R. Sim, por um lado está a corrupção que afeta um caso concreto, quando uma pessoa suborna um fiscal ou um policial. Mas por outro está a corrupção sistêmica e governamental, que causa danos muito maiores porque afeta um número muito maior de pessoas, ou seja, todos os que dependem do sistema público de saúde, de mobilidade urbana, de segurança. A base da pirâmide social é a mais afetada pela corrupção política. Além disso, a cultura da corrupção é disseminada em toda a sociedade, porque se um médico precisa pagar subornos para obter uma licença para seu consultório, esse médico por sua vez se sentirá legitimado a também pedir subornos. Mas, além disso, há uma dimensão muito importante que é quando a cúpula é corrupta, isso faz com que os escalões seguintes se corrompam porque o chefe corrupto não pode fiscalizar os subordinados e lhes permite que tenham sua própria rede. Para que o sistema se mantenha por tantos anos, é preciso que algumas estruturas apoiem e protejam as demais para poder se perpetuar no tempo.

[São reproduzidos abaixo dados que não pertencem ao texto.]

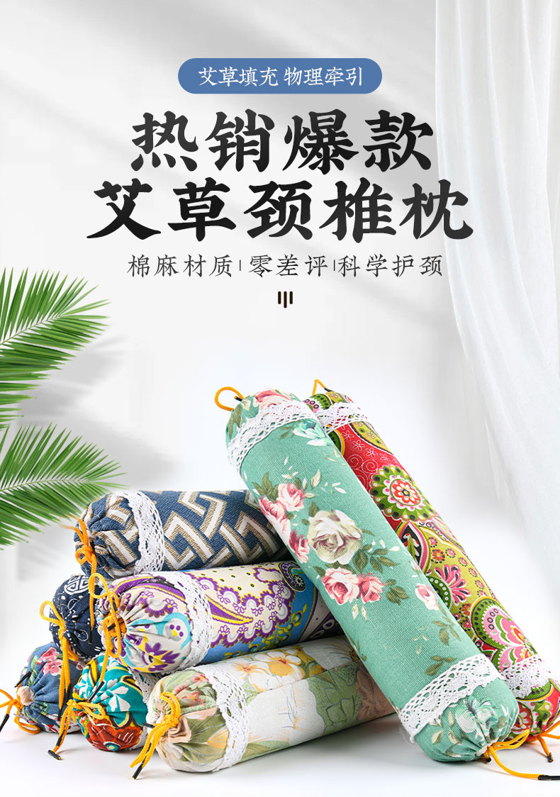 艾草颈椎枕头艾远堂糖果型颈椎枕头单人枕芯圆柱枕护颈枕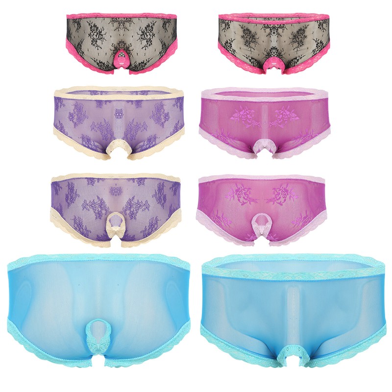 Men Sissy Satin Underwear Thong Lace Patchwork Panties G-string Briefs T-back.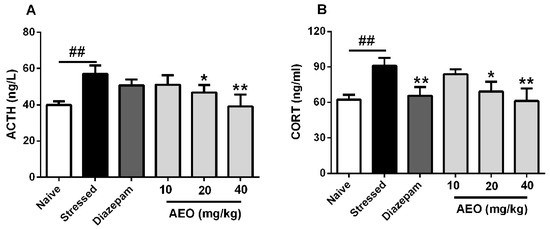 2.9. Effects of AEO on ACTH and CORT Concentrations in the Serum of Restraint Stress-Induced Mice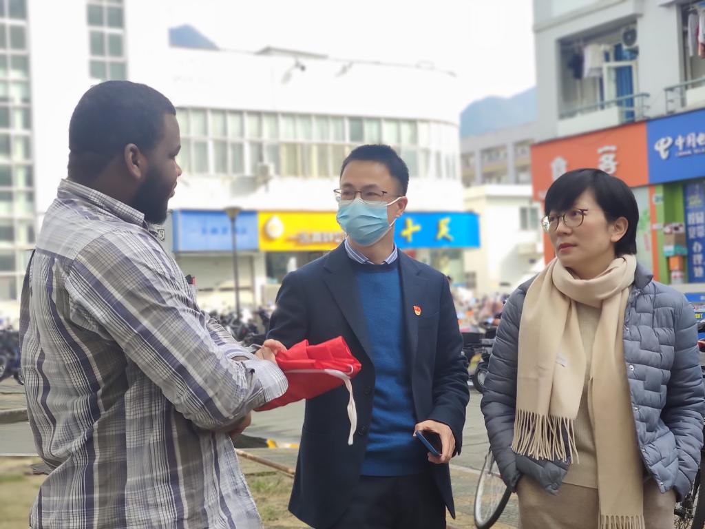 12月22日支部党员们在党总支书记林爱菊带领下奔赴留学生宿舍D区,走进寝室,向国际学生宣传555电影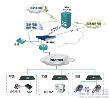 采用NGN+IP PBX的解決方案,不僅可以增強(qiáng)IP PBX組網(wǎng)和業(yè)務(wù)通信能力,還可以配合運(yùn)營商的NGN平臺開拓多種業(yè)務(wù)模式,成為NGN的有效擴(kuò)展,為運(yùn)營商和最終用戶提供雙贏的有利協(xié)助;窗簿W(wǎng)通就采用了Zed-3(捷思銳科技)的IP PBX進(jìn)行大客戶的語音接入。該IP PBX主要提供了用戶分機(jī)號碼分配功能,并為用戶提供語音池(IVR)、語音信箱、保密呼叫、NGN業(yè)務(wù)接入等多種應(yīng)用服務(wù)。
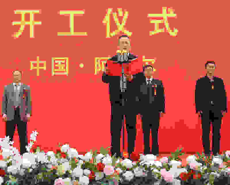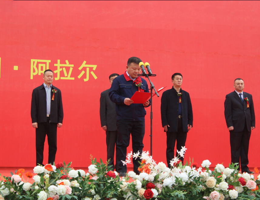 圖為新疆生產(chǎn)建設(shè)兵團(tuán)第一師阿拉爾市黨委書記、政委盧躍東為開工儀式致辭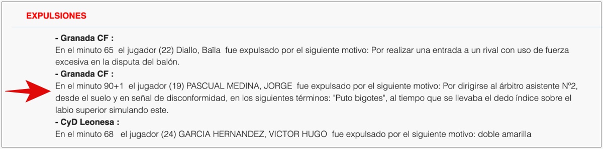 En la misma redacción arbitral también se hizo constar que el futbolista acompañó sus palabras con un gesto explícito: se llevó el dedo índice a la parte superior del labio, simulando un bigote. Esa conducta fue castigada en el acto con tarjeta roja directa y Pascual no estará en Albacete. A día de hoy, Jorge Pascual suma 8 goles y acumula 33 partidos disputados esta temporada de un total de 35, lo que deja muy a las claras lo sensible de la baja para el Granada al no poder contar con el jugador en Albacete.
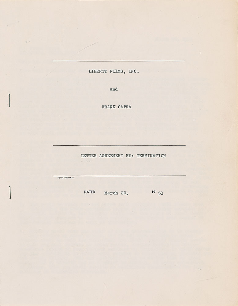 DS, two pages, 8.5 x 11, March 20, 1951. Document terminating Capra’s contract with Liberty Films, in which he agrees to “continue to render…exclusive services in connection with the photoplay now entitled Here Comes the Groom.” Signed at the conclusion by Capra and two Liberty Films representatives. Stapled into a 9 x 11.5 paper folder. In fine condition, with expected document wear. Pre-certified PSA/DNA and RR Auction COA.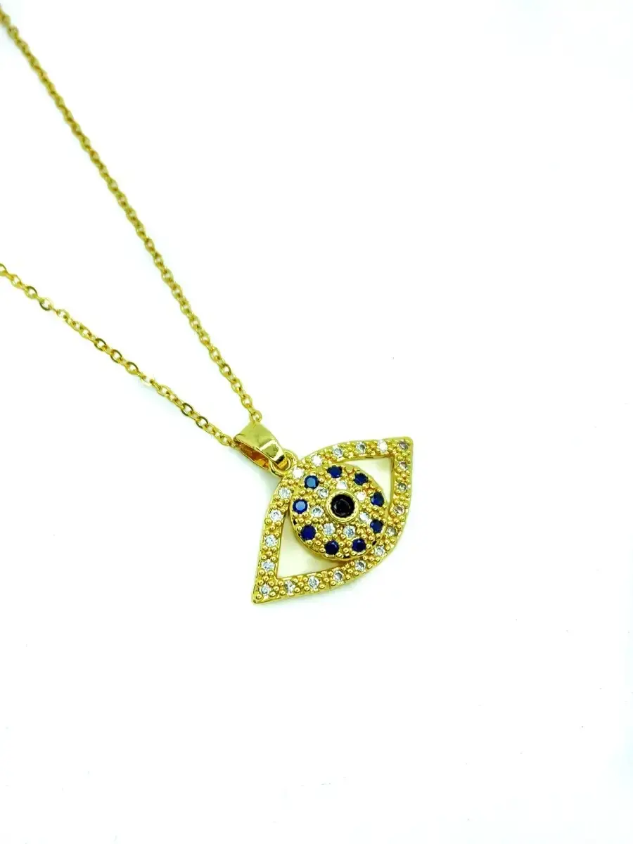 Золотистое женское колье на тонкой цепочке с подвеской оберегом Глаз от сглаза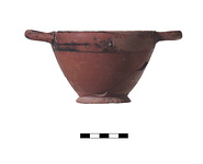 Flaring ring foot, bell handles. Reserved: underside of foot, with two glazed rings and central dot, outer face of foot, and some of zone above foot. Band below handles.
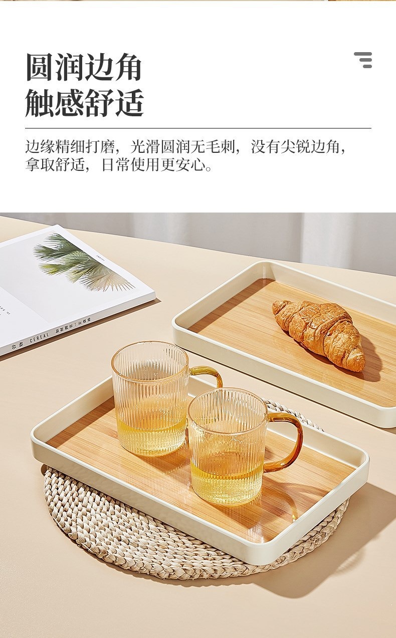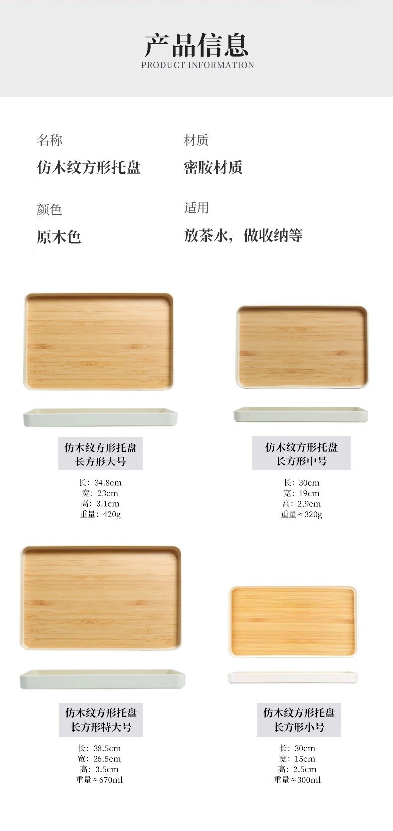 Imitation wood grain tray household tea cup water cup tea tray fruit plate plastic rectangular commercial storage plate

P. O senhor é uma pessoa muito religiosa, que frequentemente cita passagens bíblicas em suas sentenças. Qual é o papel de Deus na justiça dos homens?
R. Eu cito princípios e provérbios que têm uma origem histórica. Posso citar o rei Salomão, mas nunca citarei o arcanjo Gabriel. Eu respeito as pessoas que não acreditam no que eu acredito. Disse a Cabral que Jesus nos ensinou a perdoar os que nos ofendem, e não vejo nenhum problema nisso.

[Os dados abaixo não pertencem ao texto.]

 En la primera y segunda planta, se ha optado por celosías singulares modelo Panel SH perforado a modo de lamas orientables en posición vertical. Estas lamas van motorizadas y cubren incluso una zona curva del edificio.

P. Há certa percepção de que o senhor tem um inimigo no Supremo, Gilmar Mendes, inclinado a revogar suas decisões como a de enviar Cabral a um presídio federal.
R. Não tenho nenhum problema com ele. Minhas decisões não são necessariamente perfeitas. Um juiz precisa aceitar com naturalidade decisões diferentes das suas, especialmente se forem imparciais.
P. E as de Gilmar Mendes são imparciais?
R. Prefiro não responder a essa pergunta. Eu devo respeitar e obedecer. Se admiro pessoalmente a uns e outros é outra questão.